Her eyes widened. Somehow, this option had never occurred to her.

“But none of that’s going to work if we don’t find the damn guns,” he added.

She nodded and they picked up the pace. Just a few minutes later, the radio clipped to his belt chirped and he snatched it up.

“Go ahead,” he said.

Boggs’s voice came through with only a smattering of static. “Captain, we found something. A couple of caves in the base of a hill.”

Caves. Could the Mariposa’s crew have hidden there, or at least stashed the guns there? The scenario spun out in his head and Gabe could see it was possible. The dying man on the fishing boat had said they thought they’d be safer on land, which Gabe figured meant whoever attacked them had greater numbers and they wanted to fight back from cover. The trees would provide some, but as a base, the caves would make perfect sense.
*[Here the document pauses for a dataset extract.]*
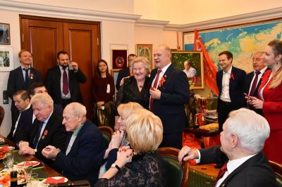 «Мы рады вас приветствовать в стенах Государственной Думы, - поприветствовал именитых спортсменов лидер КПРФ Г.А. Зюганов. - Все мы родом из Октября. Мы живем в стране, которую собрал Октябрь. Мы гордимся знаменем Победы и знаменем Октября. Мы гордимся вашими победами. Мы гордимся своим спортом, наукой и образованием. Самыми победными, самыми храбрыми и самыми космическими, самыми умными людьми Советской страны».

“Any sign of the guns? Or people?”

More static. “Not yet.”

“All right. Keep looking. Call in if you find anything. If you see other caves, search them, too. And, Chief?”

“Yeah.”

“Watch yourself.”

“I hear that.”

With a final blast of static, they signed off. Gabe put the radio back on his belt. Tori had slowed down to listen to the exchange, but was still a few paces ahead.

“You think they’ll find anything?” she asked as he caught up.

“Them or us. We’ll find something.”

“What makes you so sure?”

Gabe shot her a sidelong glance. “Worst-case scenario, the pirates or whatever found the guns and took them, right? Which means they killed everyone on the island. If we don’t find the guns, you can be damn sure we’ll find the bodies.”

“Well, there’s a pleasant thought,” Tori teased.

He had no reply. Gabe had always enjoyed her company, but — much as he would have liked to set her at ease — he couldn’t find it within himself to make light of their situation. There was nothing pleasant about it.